Hope for the future.  Hope for the world.  Hope for each one of us personally. Hope that at the end of the day, we're going to be ok.

     Only God can give us that sort of hope.

     In 2007 Congressman Rahm Emanuel, who is now Preident-elect Obama’s chief-of-staff, hosted a fund-raiser in Chicago. He said at the time that many people might be leaning toward Hillary Clinton because she’d been born in Illinois.  But his candidate offered something even better he said:  “Obama,” he joked, “had been born in a manger!”

     Now I have an important message to send the President-elect’s chief-of-staff and to all of us (me included) who might be tempted to think otherwise.  And here it is:  Barack Obama is NOT the Messiah.

     I will admit that since his election, I have invested a lot of hope in our soon-to-be president.  I think many people have.  But we all need to recognize that Barack Obama is not the Messiah.  I think he’d probably be the first to admit it.

     This point was driven home to me by the president-elect himself just a couple of weeks ago when it was announced that Mr. Obama had chosen an evangelical homophobe to deliver the invocation at his Inauguration.   I couldn’t help but wonder how the president-elect would have reacted if someone had suggested a racist clergyman.  Or an anti-Semitic clergyman. 

     No, Barack Obama is not the Messiah.  

     But this doesn’t mean that Obama may not inspire us to hope.  He can. Of course he can.  And he does that--for millions of people around the world.  But he’s not the Messiah.  

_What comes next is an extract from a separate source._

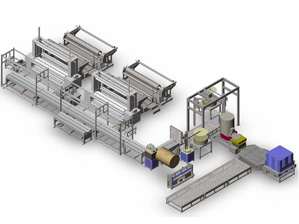 The automatic cloth roll processing and packaging system can be equipped with multiple robots in one line, with a processing capacity of up to 700 cloth rolls per hour (the minimum width of the cloth roll is 60mm, the maximum diameter is 1600mm), 10 master rolls per hour, and 65 large packages (the maximum packaging height is 2700mm)

     The president-elect participates, like you and me, in the economy of God.  Fallible and politically self-serving and perhaps even egotistical and flawed as we all sometimes are, it is still our privilege to mediate God’s hope to one another.  God doesn’t shut us out from that process because we’re imperfect.  We can and we often do receive and give the hope that comes ultimately from God, a God who really was born in a manger in Bethlehem. 

     I have a friend who has a little granddaughter.  She is the light of his life and he loves singing to her.  He was telling me the other day that he likes to sing her a song called, “I Hope You Dance.”

     The last verse goes like this:

I hope you still feel small
When you stand beside the ocean.
Whenever one door closes, I hope another opens;
Promise me that you’ll give faith a chance.
And when you get the choice to sit it out or dance
 I hope you dance
I hope you dance 
I hope you dance
 
     Imagine the effect on that little girl as she listens to her grandpa, whom she undoubtedly loves very much, singing such a wonderful song about hope to her.  Imagine.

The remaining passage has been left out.